– Это где? – спросил Мишка.
– Николаевск? Да уже в устье Амура, до Сахалина рукой подать, а там Тихий океан. Так этот лейтенант вот что сказал якобы: «А нам-то чего? Ну и пусть бежит. Отвечать будет генерал-губернатор, который отпустил его». То есть наш, иркутский. А Бакунина уже взяли на борт нашего судна «Стрелок», и этот «Стрелок» тащил на буксире американский корабль.
– А зачем Бакунина взяли? – спросил Мишка.

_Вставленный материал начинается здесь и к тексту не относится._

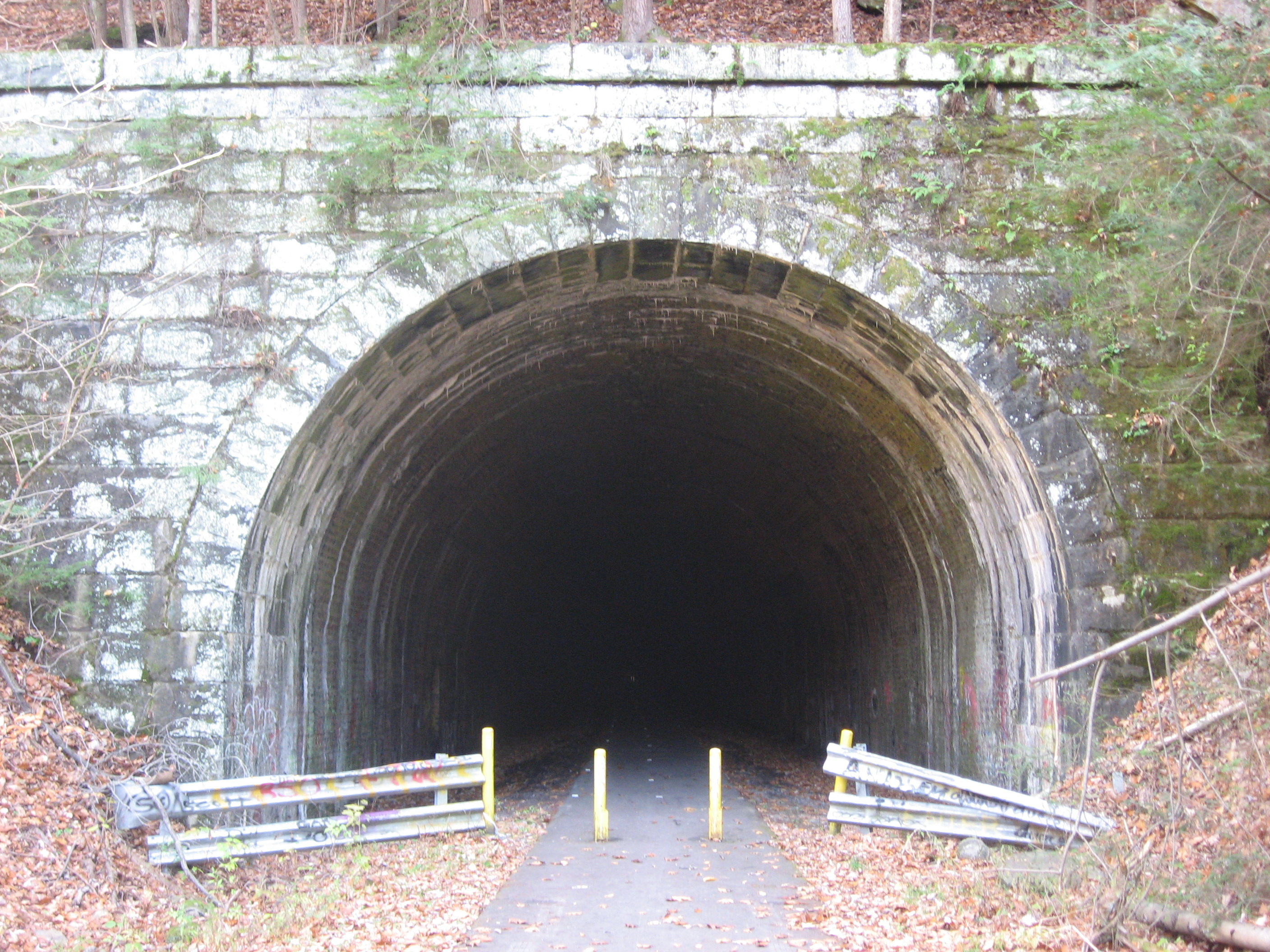 Western portal of the Rockland Tunnel, which carries the Allegheny River Trail through a hillside in rural Rockland Township, Venango County, Pennsylvania, United States. Completed in 1915, it formerly served a Pennsylvania Railroad line, but it has since been converted into a rail trail.

– Ну, чтобы посмотреть там место какое-то вот для строительства неизвестно чего. Ну как обычно у нас: пойди туда, не знаю куда, найди то, не знаю что. Ничего, самое, удивительного. И в конце концов Бакунин пересел к американцам. Да и дернул в Сан-Франциско через Тихий.
– Это где? – спросил Мишка.
– Ха! Ох, дремучий же ты, тунгус. Америка. Штаты.
Мишка посмотрел на меня.
– А остров, ну где рисовал тот друг Вана… там, в океане?
– Таити? – переспросила я. – Там, Миша, там.
– Зачем туда не поехал? – спросил Мишка.
– Кто? Бакунин? Да на кой ему ляд Таити! Ему нужен был весь мир. Он же революцию задумывал. Он потом в Лондон поехал к Герцену, самое.
– Мишке нравится Таити Гогена, – объяснила я, пригубливая вино.
И в этот миг… да, это был поистине волшебный миг, и я внезапно поняла, что ничего больше не надо, никаких мировых столиц, мировая столица вот здесь, на Ангаре, отсюда открываются дороги во все стороны. И ничего больше не надо! Только рисовать, только любить и петь. И начала негромко напевать:
– Навстречу утренней заре… По Ангаре, по Ангаре… Навстречу утренней заре…
– По Ангаре, по Ангаре! – подхватил Кит, постукивая вилкой по стакану.
– Кит, – сказал Мишка, прищуриваясь и вдруг становясь похожим на старика, – Кит, ты срубишь мне от лиственницы на обечайку?
Уже знавший эту историю Кит ответил:
– Не вопрос, только докажи, что это необходимо.
– А вот смотри, – сказал Мишка, вставая. – Пойдем.
– Куда?
– Лида, покажи ему картинки.
– Ну давайте потом, – начала было возражать я, но тут же согласилась, вставая. – Айда.
И мы пошли смотреть картины. Кит кивал, приседал возле той или иной картины. Но, по-моему, ничего он не смыслил в живописи.
– А где «Семь лучей»? – спросил Мишка, оборачиваясь ко мне.
Я ответила, что картина еще в процессе и нечего на нее пялиться. Но Мишка настоял, и я показала «Семь лучей».
– Видишь? Никак не получается, ага? – сказал Мишка. – Надо покружиться, попеть, поиграть. Только моей космической пластинки не хватает здесь, ага, совсем.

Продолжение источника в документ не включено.